Corrosion on the backside of the starboard, aft bracket.
I removed all four of the aluminum brackets, and discovered varying degrees of corrosion.  Unfortunately the ¾” wood screws were used throughout.  The ¼” veneer is on the starboard seat back and both forward bulkheads.  The aft, partial bulkheads and the port side cabinetry are finish grade ¾” plywood so the ¾” screws were more appropriate in these locations.

After removing the bracket from each corner, I used a scraper followed by 80 grit sandpaper to clean the surface.
Starboard, aft corner after scraping and sanding away the corrosion residue.
I then drilled out the screw holes to a full ¼” diameter.  Using a syringe, I filled the existing holes with thickened epoxy.
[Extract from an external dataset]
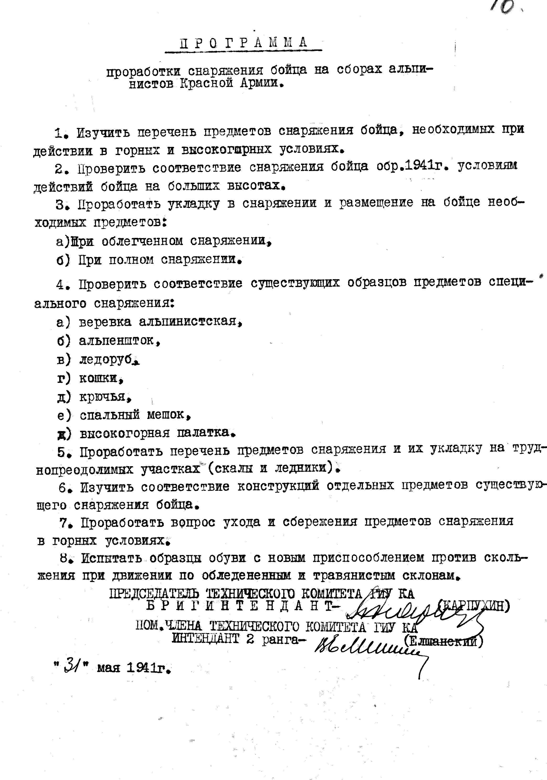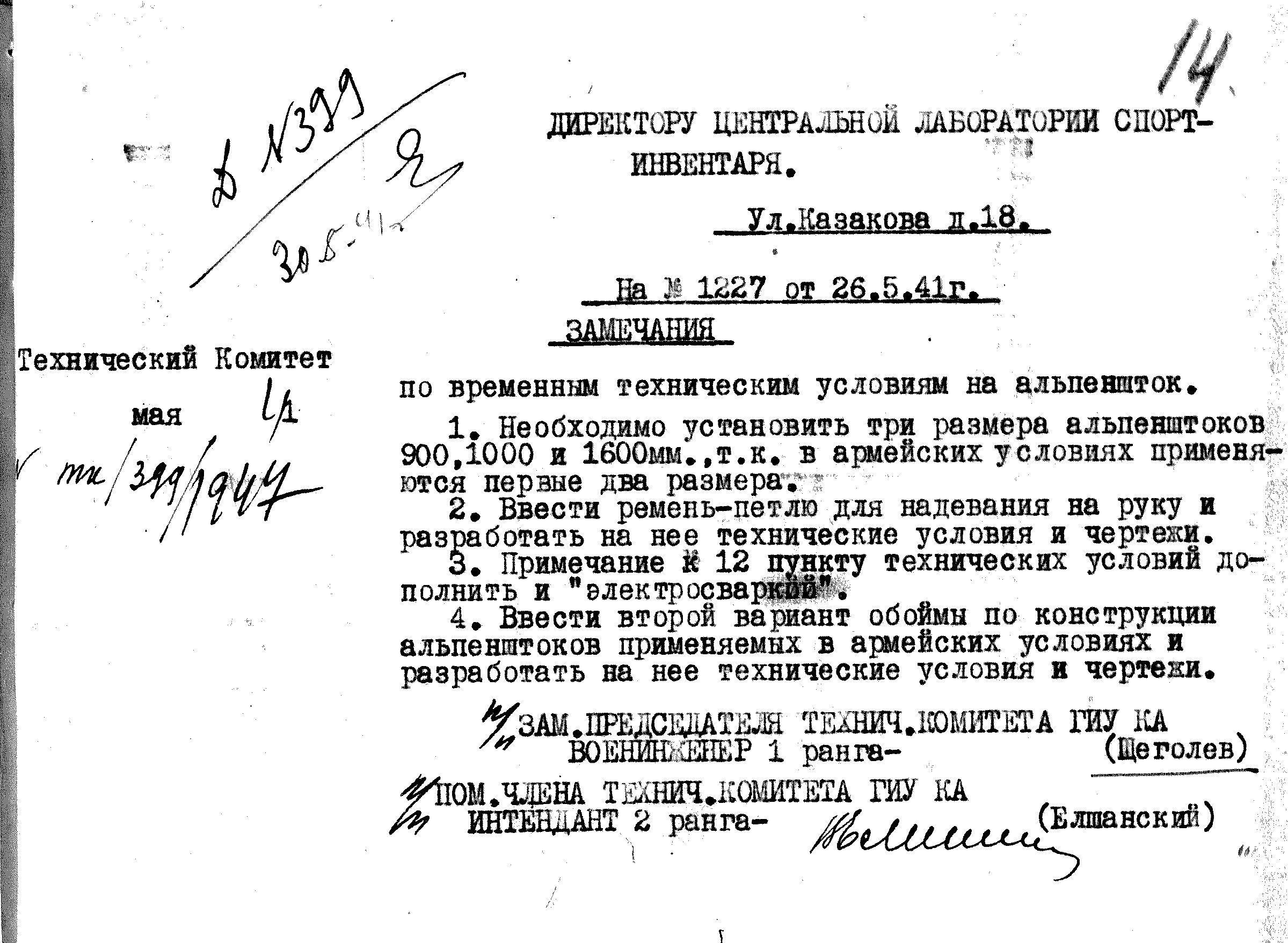 Внимание к доработке и изменениям горного снаряжения уделялось и ранее. Так, в мае 1941 г., Технический Комитетом Главного Интендантского Управления были приняты изменения в технические условия на альпеншток:

The old brackets went to the scrap pile to be recycled.  I purchased new sections of 1/8” thick aluminum with  longer sides,  1-1/2”. 
New aluminum angle for port, aft on left and original on right.
The original brackets were cut to remain hidden by the seat back cushions.  The new ones will run the full length of the cabinetry.  The old fasteners were installed at 2” intervals.  I chose to go with 3” intervals on the new brackets.  Since the new brackets are longer they all contain more fasteners than the originals.  I chose to remain with ¼” fasteners, but were possible use machine screws to thru-bolt.
The nuts and fender washers from starboard, forward bracket are visible in the locker forward of the bulkhead.
Where access eliminated my ability to thru-bolt, I used wood screws that took full advantage of the thickness of the bulkhead / cabinetry.  These modifications dramatically increase my confidence in strength of the aft, lower chainplates.

Here are some before and after images.
Starboard, aft bracket- Before.
Starboard, aft bracket - After.
Port, Aft bracket - Before
Port, Aft bracket - After.
Looking forward from companionway at freshly painted bulkhead and new angle brackets.